## What to work on
Repeat the listing that follows character for character, omitting images.

## Stored data
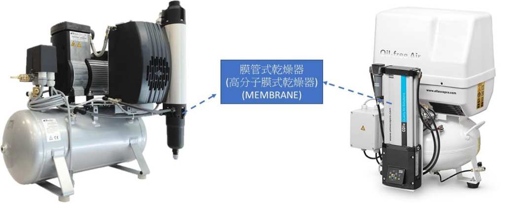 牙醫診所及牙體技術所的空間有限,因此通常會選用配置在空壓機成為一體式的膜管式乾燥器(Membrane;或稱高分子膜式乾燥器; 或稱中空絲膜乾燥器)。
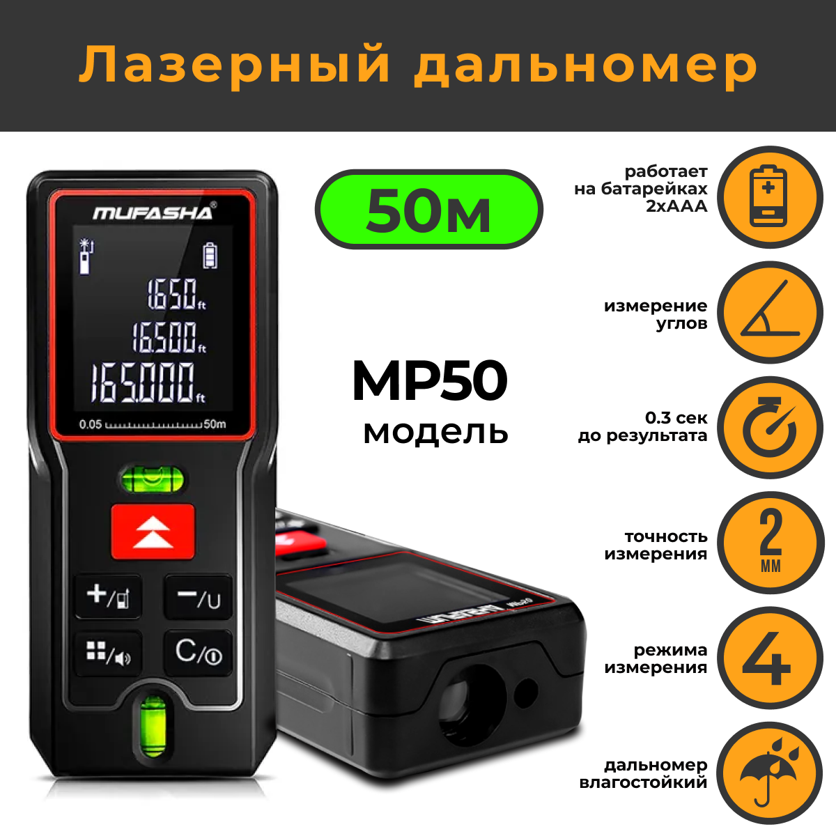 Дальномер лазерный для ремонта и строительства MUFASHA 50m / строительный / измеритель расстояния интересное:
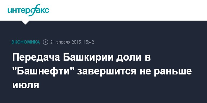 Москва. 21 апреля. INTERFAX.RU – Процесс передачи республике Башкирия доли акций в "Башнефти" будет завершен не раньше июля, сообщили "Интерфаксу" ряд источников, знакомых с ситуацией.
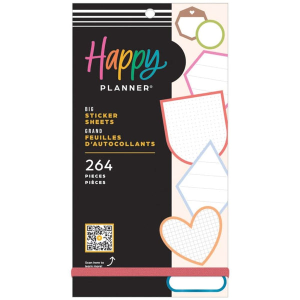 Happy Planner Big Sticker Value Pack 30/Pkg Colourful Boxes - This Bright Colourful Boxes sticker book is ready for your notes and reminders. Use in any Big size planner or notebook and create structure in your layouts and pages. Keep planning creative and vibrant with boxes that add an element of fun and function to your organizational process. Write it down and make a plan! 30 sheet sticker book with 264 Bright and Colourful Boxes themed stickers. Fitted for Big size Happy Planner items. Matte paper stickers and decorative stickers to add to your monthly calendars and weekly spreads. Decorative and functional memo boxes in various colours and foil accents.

## Response area
 牙醫診所及牙體技術所的空間有限,因此通常會選用配置在空壓機成為一體式的膜管式乾燥器(Membrane;或稱高分子膜式乾燥器; 或稱中空絲膜乾燥器)。
 Дальномер лазерный для ремонта и строительства MUFASHA 50m / строительный / измеритель расстояния интересное:
 Москва. 21 апреля. INTERFAX.RU – Процесс передачи республике Башкирия доли акций в "Башнефти" будет завершен не раньше июля, сообщили "Интерфаксу" ряд источников, знакомых с ситуацией.
 Happy Planner Big Sticker Value Pack 30/Pkg Colourful Boxes - This Bright Colourful Boxes sticker book is ready for your notes and reminders. Use in any Big size planner or notebook and create structure in your layouts and pages. Keep planning creative and vibrant with boxes that add an element of fun and function to your organizational process. Write it down and make a plan! 30 sheet sticker book with 264 Bright and Colourful Boxes themed stickers. Fitted for Big size Happy Planner items. Matte paper stickers and decorative stickers to add to your monthly calendars and weekly spreads. Decorative and functional memo boxes in various colours and foil accents.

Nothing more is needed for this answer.